As in other areas in the crypto world, one of the values that NFTs have is that they eliminate intermediaries. The certification that a work is authentic and that whoever claims to be its owner is automate. “The issuance of NFTs represents a revolution in the art world and many other sectors. They allow intermediaries to be eliminate, connecting artists with the public without requiring a commission agent to collect an amount from the sale of work,” says Muñoz Cabanes.
These tokens are based on a type of technology that provides them with specific characteristics. However, not all of them are based on the Ethereum network, which is the majority. “In general terms, we could say that there is only one type of NFT. It represents a digital work, a painting, or a house. But from a practical point of sight, we could differentiate NFTs base on the blockchain network where they have issue, with Ethereum, Solana, Polygon, or Tezos being some of the main networks where this type of crypto active is being issue”, points out the UNED professor .

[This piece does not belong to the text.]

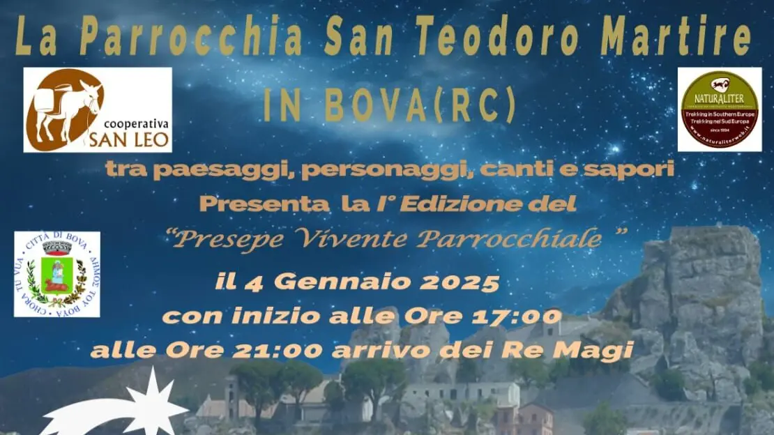 Una piccola Betlemme nella città antica di Bova, paese gioiello e tra i borghi piu belli d’Italia. La Parrocchia San Teodoro Martire guidata ed animata dal Sac. Mons. Can. Leone Stelitano, con il patrocinio del Comune e insieme alla comunità tutta è pronta ad accogliere residenti e visitatori nel suggestivo scenario delle vie dell’antico borgo, dove sabato 4 gennaio, alle ore 17 e con conclusione prevista per le ore 21 con l’arrivo dei Magi, verrà allestito il Presepe Vivente.

A better way to distinguish some NFTs from others is to pay attention to their function. As we have indicated, one of the most recognized use cases is art. Currently, there are pieces of digital collecting, with limited editions, based on this technology. In addition, some artists have tried tokenizing their artwork, seeking new revenue. It can not only done with a painting but also with more intangible works, such as a song or a movie.
In the video game sector, NFTs have also entered firmly, perhaps where else. We must not forget that CryptoKitties was still a video game even with the collection of virtual cats. Gaming has found a new formula, such as play-to-earn, titles where players earn money for playing. The best known is the Axie Infinity, where you also have to buy ‘axis’ (little monsters) to fight with. Whoever wins accumulates not only points but also cryptocurrencies. And each of these ‘axis’ is an NFT, which is tradable.
But use cases can go much further. For example, it is already being investigate how these crypto assets could be use to create a unique, authentic, and unfalsifiable digital identity.